Problem requirements: Only one span of the material below is wanted. Output it exactly, from the line with "Do you have" through the line with "Σετ ελαφρύ πάπλωμα", without any pictures.
Given information Start Marker
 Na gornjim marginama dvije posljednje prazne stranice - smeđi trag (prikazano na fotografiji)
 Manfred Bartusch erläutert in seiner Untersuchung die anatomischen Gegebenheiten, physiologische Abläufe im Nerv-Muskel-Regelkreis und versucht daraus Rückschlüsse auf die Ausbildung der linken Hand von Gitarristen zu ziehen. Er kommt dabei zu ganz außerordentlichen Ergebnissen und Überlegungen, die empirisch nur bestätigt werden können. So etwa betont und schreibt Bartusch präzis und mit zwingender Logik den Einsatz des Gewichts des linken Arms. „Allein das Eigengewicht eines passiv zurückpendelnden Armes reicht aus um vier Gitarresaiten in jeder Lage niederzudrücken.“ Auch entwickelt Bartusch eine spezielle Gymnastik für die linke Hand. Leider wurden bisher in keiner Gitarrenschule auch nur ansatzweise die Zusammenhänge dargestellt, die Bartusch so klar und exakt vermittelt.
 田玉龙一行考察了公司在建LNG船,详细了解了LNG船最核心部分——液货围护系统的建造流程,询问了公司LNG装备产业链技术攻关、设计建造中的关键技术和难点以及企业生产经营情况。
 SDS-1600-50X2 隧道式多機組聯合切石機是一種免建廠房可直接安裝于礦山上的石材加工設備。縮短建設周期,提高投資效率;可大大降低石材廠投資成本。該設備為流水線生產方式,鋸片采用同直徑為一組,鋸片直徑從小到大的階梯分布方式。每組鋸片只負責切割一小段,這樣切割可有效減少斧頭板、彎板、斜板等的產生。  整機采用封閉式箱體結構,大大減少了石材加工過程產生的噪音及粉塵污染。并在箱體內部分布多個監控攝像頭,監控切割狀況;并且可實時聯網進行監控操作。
Given information End Marker
Given information Start Marker
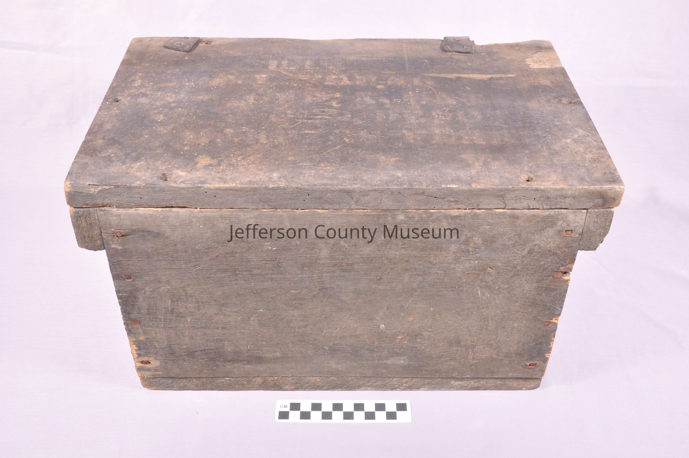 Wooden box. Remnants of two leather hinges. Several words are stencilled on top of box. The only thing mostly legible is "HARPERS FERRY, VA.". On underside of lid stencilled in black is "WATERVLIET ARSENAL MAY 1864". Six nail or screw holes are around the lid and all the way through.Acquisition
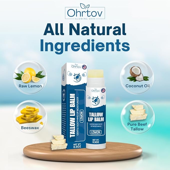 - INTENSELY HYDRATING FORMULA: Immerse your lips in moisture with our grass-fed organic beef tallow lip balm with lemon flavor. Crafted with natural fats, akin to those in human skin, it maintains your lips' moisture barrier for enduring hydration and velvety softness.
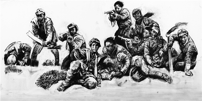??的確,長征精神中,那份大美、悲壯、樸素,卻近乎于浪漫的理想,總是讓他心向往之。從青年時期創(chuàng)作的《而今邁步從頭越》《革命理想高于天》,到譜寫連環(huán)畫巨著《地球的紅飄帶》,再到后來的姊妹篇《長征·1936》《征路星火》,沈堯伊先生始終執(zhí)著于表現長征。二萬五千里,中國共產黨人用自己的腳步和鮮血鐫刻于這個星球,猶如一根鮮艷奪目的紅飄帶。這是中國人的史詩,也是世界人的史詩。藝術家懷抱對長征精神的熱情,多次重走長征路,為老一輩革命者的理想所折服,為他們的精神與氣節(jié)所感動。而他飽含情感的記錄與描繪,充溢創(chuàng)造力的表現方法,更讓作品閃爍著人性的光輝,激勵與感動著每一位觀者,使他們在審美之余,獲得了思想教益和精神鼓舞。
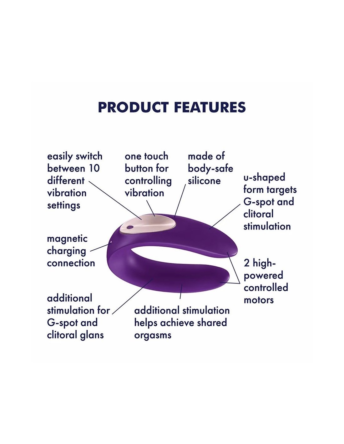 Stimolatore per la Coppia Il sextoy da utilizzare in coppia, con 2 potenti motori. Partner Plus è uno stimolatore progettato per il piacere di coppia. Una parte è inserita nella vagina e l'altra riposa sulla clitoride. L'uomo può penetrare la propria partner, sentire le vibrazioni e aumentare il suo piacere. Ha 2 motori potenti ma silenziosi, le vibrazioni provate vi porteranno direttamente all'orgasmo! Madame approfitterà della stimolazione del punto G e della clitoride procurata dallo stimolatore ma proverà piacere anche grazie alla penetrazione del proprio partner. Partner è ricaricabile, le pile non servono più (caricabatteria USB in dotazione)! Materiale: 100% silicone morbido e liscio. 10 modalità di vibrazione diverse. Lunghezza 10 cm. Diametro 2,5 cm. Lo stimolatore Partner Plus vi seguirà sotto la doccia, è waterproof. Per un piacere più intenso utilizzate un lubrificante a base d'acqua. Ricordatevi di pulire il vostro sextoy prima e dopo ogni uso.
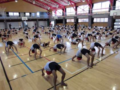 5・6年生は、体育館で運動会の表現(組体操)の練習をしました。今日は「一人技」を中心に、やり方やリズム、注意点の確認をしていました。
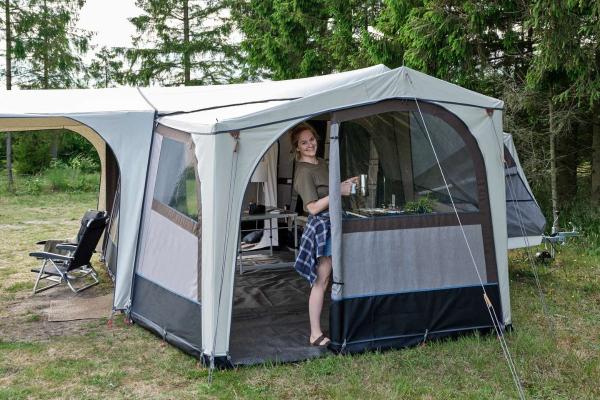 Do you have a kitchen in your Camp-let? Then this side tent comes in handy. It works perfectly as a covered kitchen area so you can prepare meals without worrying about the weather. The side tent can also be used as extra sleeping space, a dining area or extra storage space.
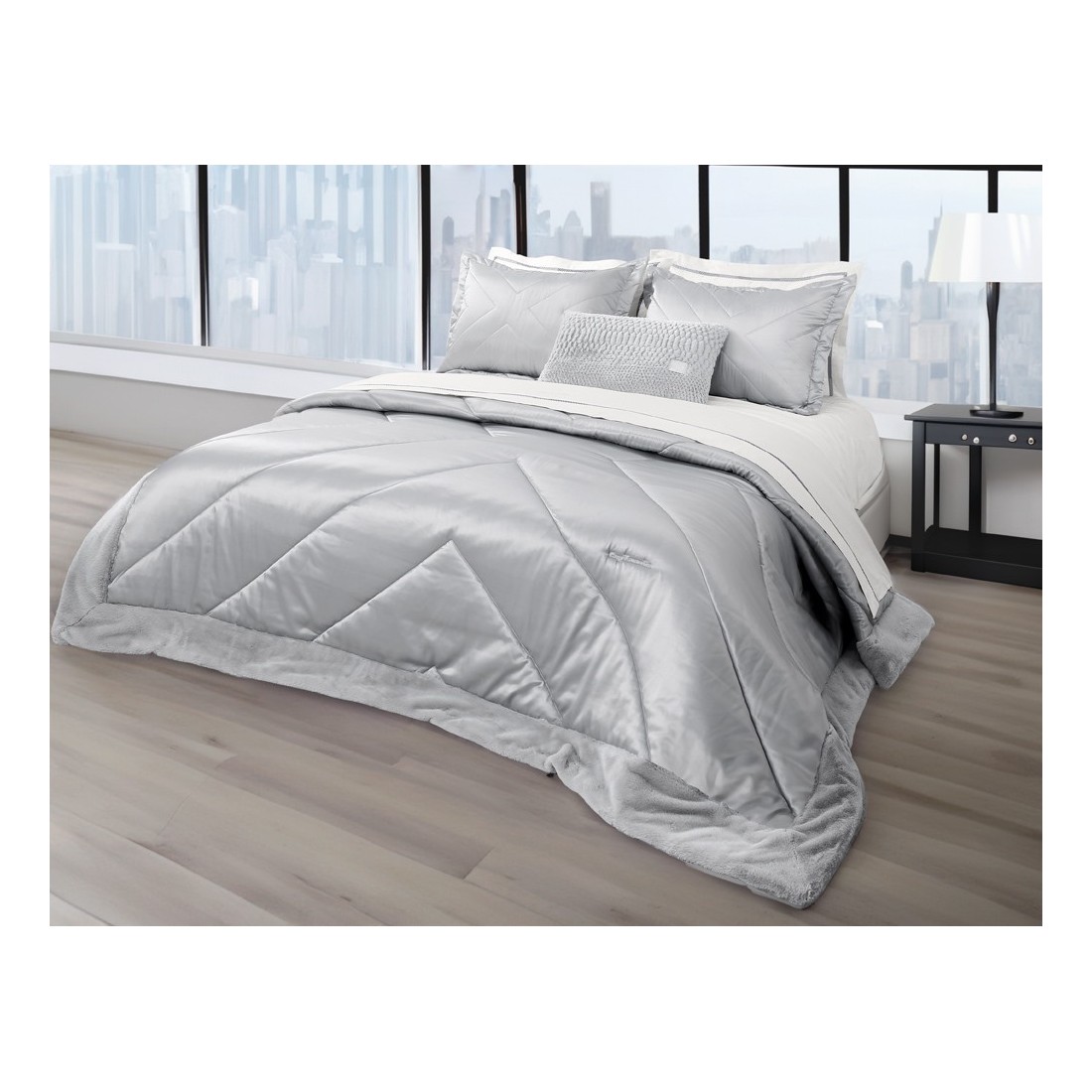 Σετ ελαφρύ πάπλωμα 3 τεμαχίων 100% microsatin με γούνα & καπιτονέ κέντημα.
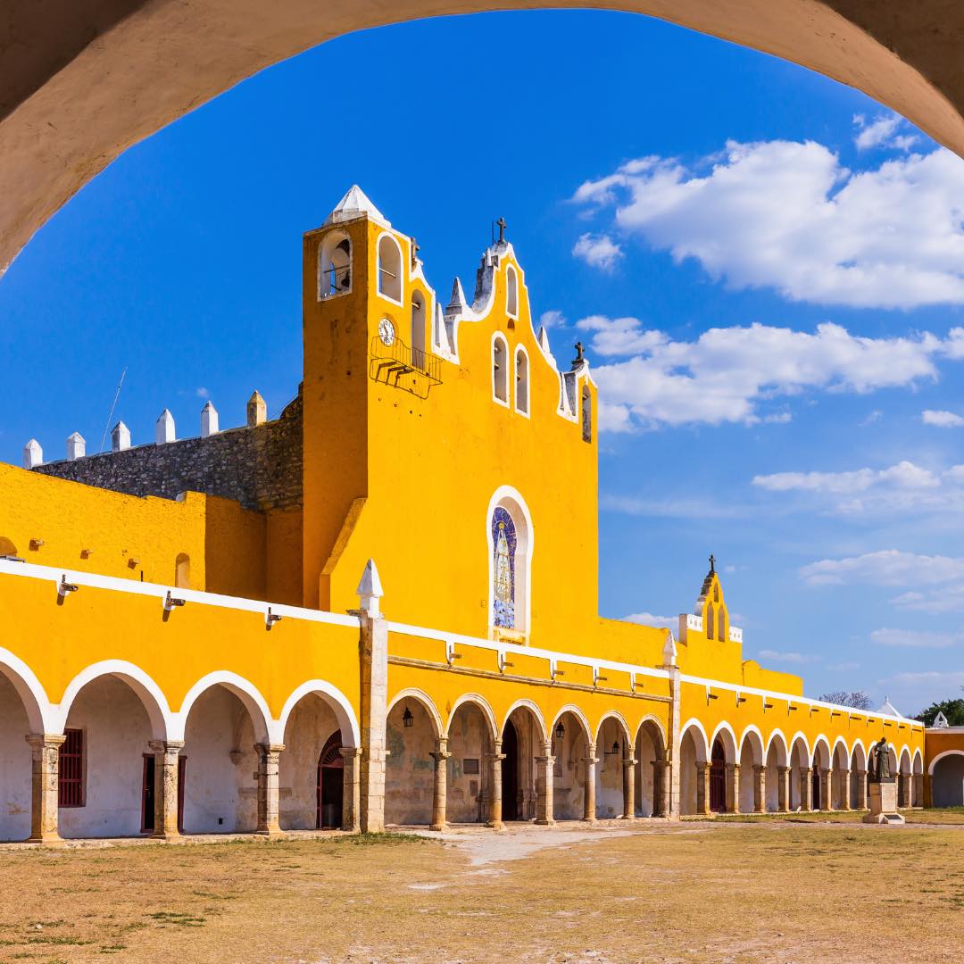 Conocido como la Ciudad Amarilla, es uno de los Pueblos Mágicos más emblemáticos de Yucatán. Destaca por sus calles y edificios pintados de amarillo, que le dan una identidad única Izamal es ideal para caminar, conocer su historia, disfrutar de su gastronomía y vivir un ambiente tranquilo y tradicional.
Given information End Marker
Given information Start Marker
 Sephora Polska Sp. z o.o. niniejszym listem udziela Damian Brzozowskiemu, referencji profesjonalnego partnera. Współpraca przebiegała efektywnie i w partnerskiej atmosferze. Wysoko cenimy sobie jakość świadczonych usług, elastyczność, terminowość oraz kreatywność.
Given information End Marker
Task response:
 Do you have a kitchen in your Camp-let? Then this side tent comes in handy. It works perfectly as a covered kitchen area so you can prepare meals without worrying about the weather. The side tent can also be used as extra sleeping space, a dining area or extra storage space.
 Σετ ελαφρύ πάπλωμα 3 τεμαχίων 100% microsatin με γούνα & καπιτονέ κέντημα.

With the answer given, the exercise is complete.